Bij de ontnemingsvordering is een afschrijvingstermijn van 4 jaren gehanteerd, waarbij per oogst op grond van het aantal planten met een forfaitair bedrag rekening is gehouden. Naar de mening van het openbaar ministerie kan de omstandigheid dat een hennepkwekerij binnen de termijn van 4 jaren door welke omstandigheden dan ook, wordt beëindigd er niet toe leiden dat de gehele investering ineens op het voordeel in mindering wordt gebracht.
De rechtbank overweegt als volgt. Artikel 36e van het Wetboek van Strafrecht heeft een reparatoir karakter. De ontnemingsmaatregel beoogt veroordeelde in de vermogenspositie te brengen waarin hij verkeerde vóór het plegen van het strafbare feit waaruit hij voordeel heeft verkregen. Bij de bepaling van het voordeel dient te worden uitgegaan van het voordeel dat de veroordeelde daadwerkelijk heeft behaald. Om die reden dienen niet de afschrijvingskosten van de voor de hennepkwekerij benodigde investering te worden aangemerkt als kosten die voor aftrek in aanmerking komen, maar de investeringskosten die veroordeelde daadwerkelijk heeft gemaakt. Ook in boekhoudkundig opzicht is het onlogisch en onjuist om bij tenietgaan van de investering toch alleen met de kosten van afschrijving rekening te houden. Indien een bedrijfsmiddel van een legale onderneming door onvoorziene omstandigheden verloren raakt, zal dat bedrijfsmiddel in het betreffende boekjaar in zijn geheel worden afgeschreven in plaats van de gebruikelijke afschrijvingskosten op te nemen onder toepassing van de fictie dat de onderneming met het veloren middel nog geruime tijd zou worden voortgezet. De rechtbank ziet geen aanleiding om in het geval van een illegale onderneming te kiezen voor een andere benadering.

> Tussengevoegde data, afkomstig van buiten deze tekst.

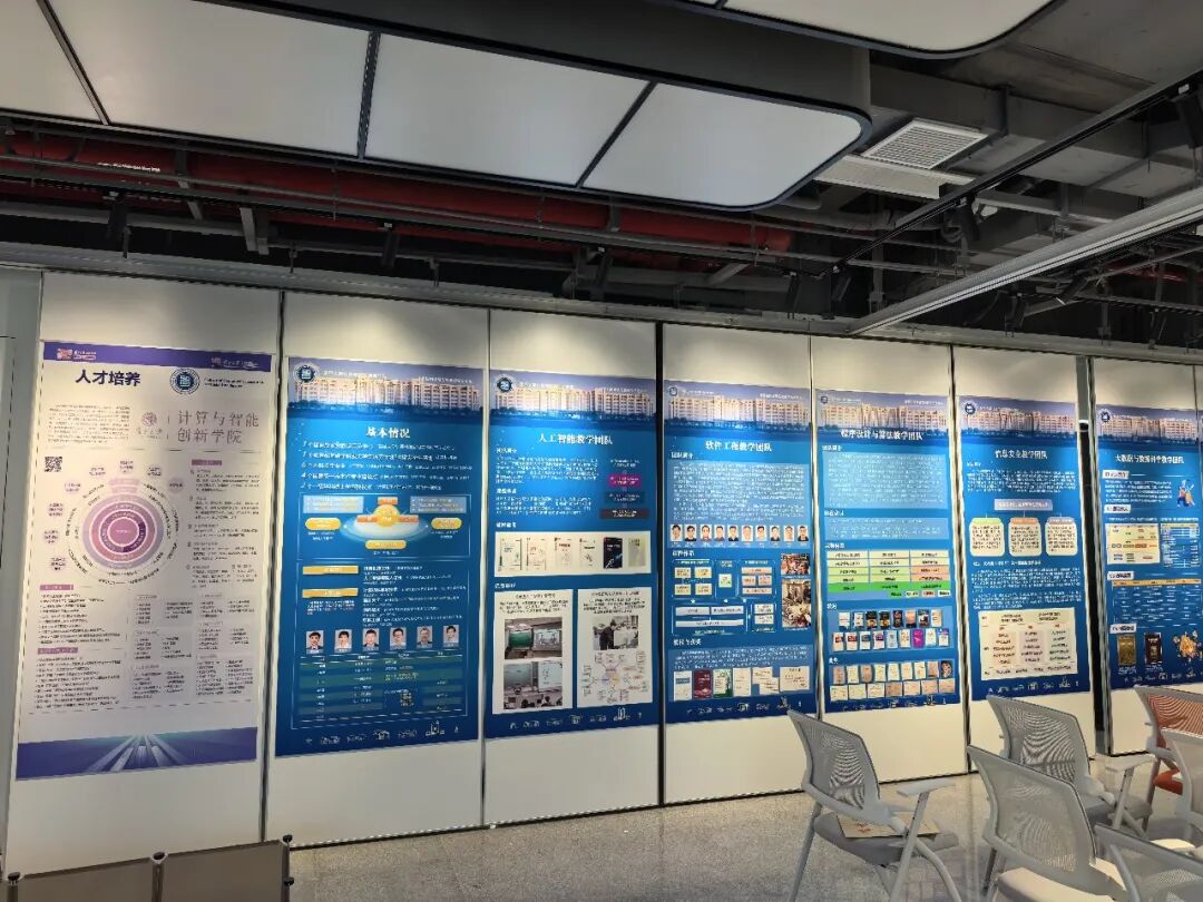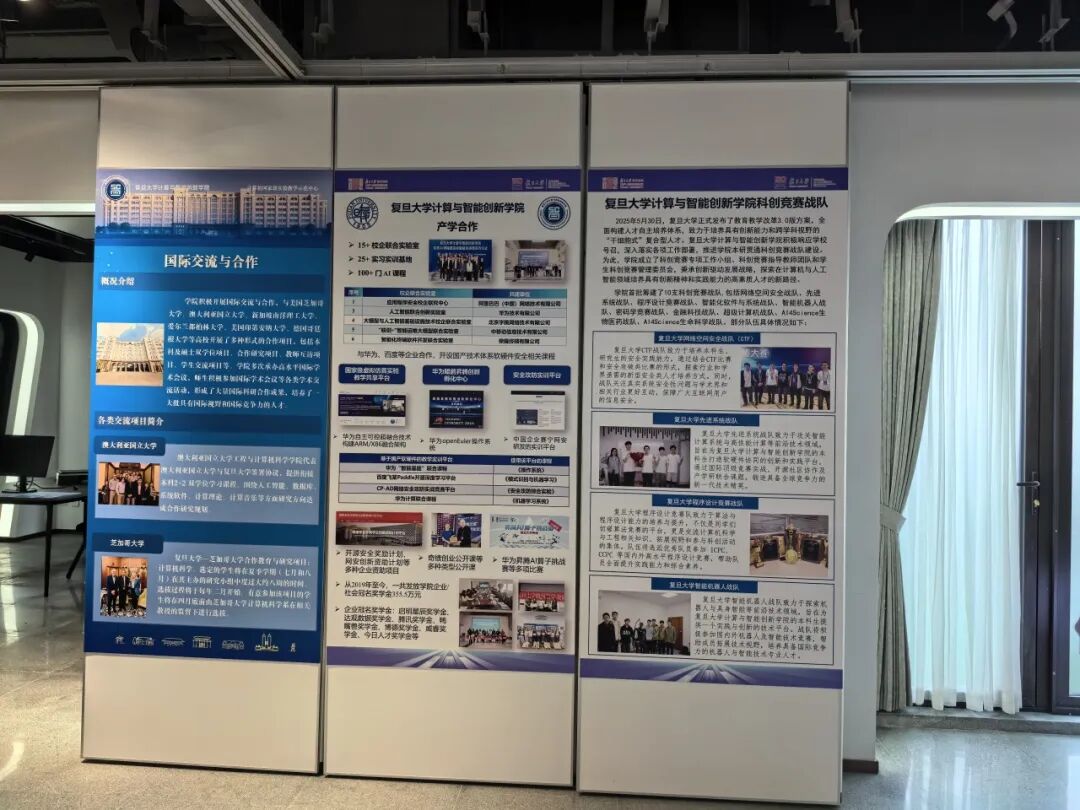 除此之外,展厅还设置了宣传展示板,可以制作各类课程、实验介绍和教学成果的宣传展板,使得同学们能够系统地了解计算机相关教学体系与学院的教学组织架构,对于个人的发展规划有所帮助。
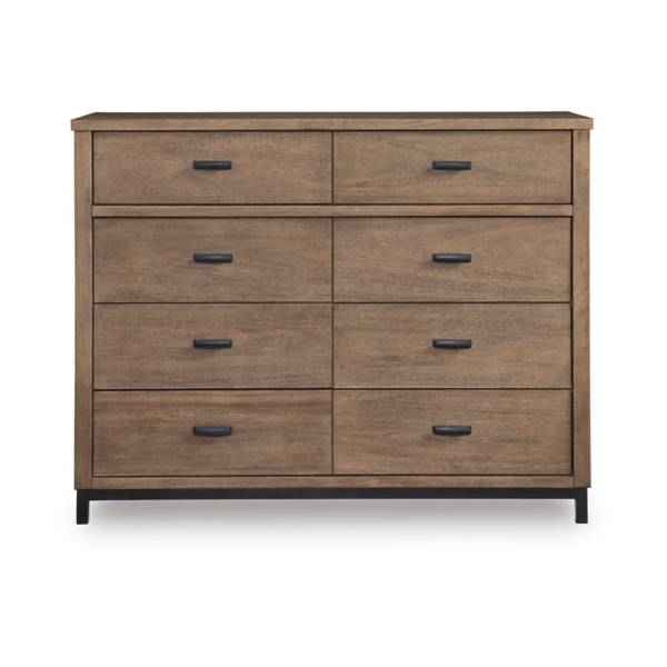 Discover the perfect blend of modern style and everyday functionality with the Tomtyn Dresser, available exclusively at Teletime. Designed with a sleek, minimalist aesthetic, this dresser brings an urban-chic vibe to your bedroom while ensuring practical storage solutions. Its light brown wood-tone finish, complemented by sturdy gunmetal gray metal legs, creates a striking contrast that enhances any contemporary space.

De investeringskosten om de hennepkwekerij tot stand te brengen dienen in zijn geheel van de opbrengst te worden afgetrokken. De rechtbank verwijst naar jurisprudentie van het Gerechtshof Amsterdam van 12 april 2010, LJN BM0905.
Met betrekking tot welk bedrag de investeringskosten kunnen drukken op het netto wederrechtelijk verkregen voordeel overweegt de rechtbank het volgende.
Zowel de officier van justitie als de verdediging gaan uit van forfaitaire bedragen die gebaseerd zijn op het BOOM-rapport 2005. Uit dat rapport blijkt dat wat de investeringen betreft gedacht wordt aan kosten voor bijvoorbeeld lampen, kweekbakken en/of -tafels, potten, ventilatoren, afzuiginstallaties, bewateringssystemen, etcetera.
De rechtbank is van oordeel dat de kweek van hennep in kassen, zoals in onderhavige zaak, zich qua investeringen duidelijk onderscheidt van kweek middels binnenteelt.
Uit het dossier noch anderszins is naar het oordeel van de rechtbank gebleken dat de kwekerij dusdanig was ingericht dat daarvoor kosten zijn gemaakt ter hoogte van de forfaitaire bedragen bij binnenkweek.
Uit de verklaring 1 van [naam getuige 1] komt naar voren dat de gehuurde kas geschikt moest worden gemaakt voor de teelt van hennep. De kosten die daarmee gemoeid waren worden geschat op gemiddeld 4 euro per vierkante meter. Daarnaast is er een gasstraat aangelegd waarvan de kosten worden geschat op 30.000 euro. Het geschikt maken wordt eveneens aangegeven door [naam getuige 2] 2. Hij heeft verklaard dat de kas geheel klaar was voor hennepteelt omdat er een chrysantenkwekerij in gezeten had.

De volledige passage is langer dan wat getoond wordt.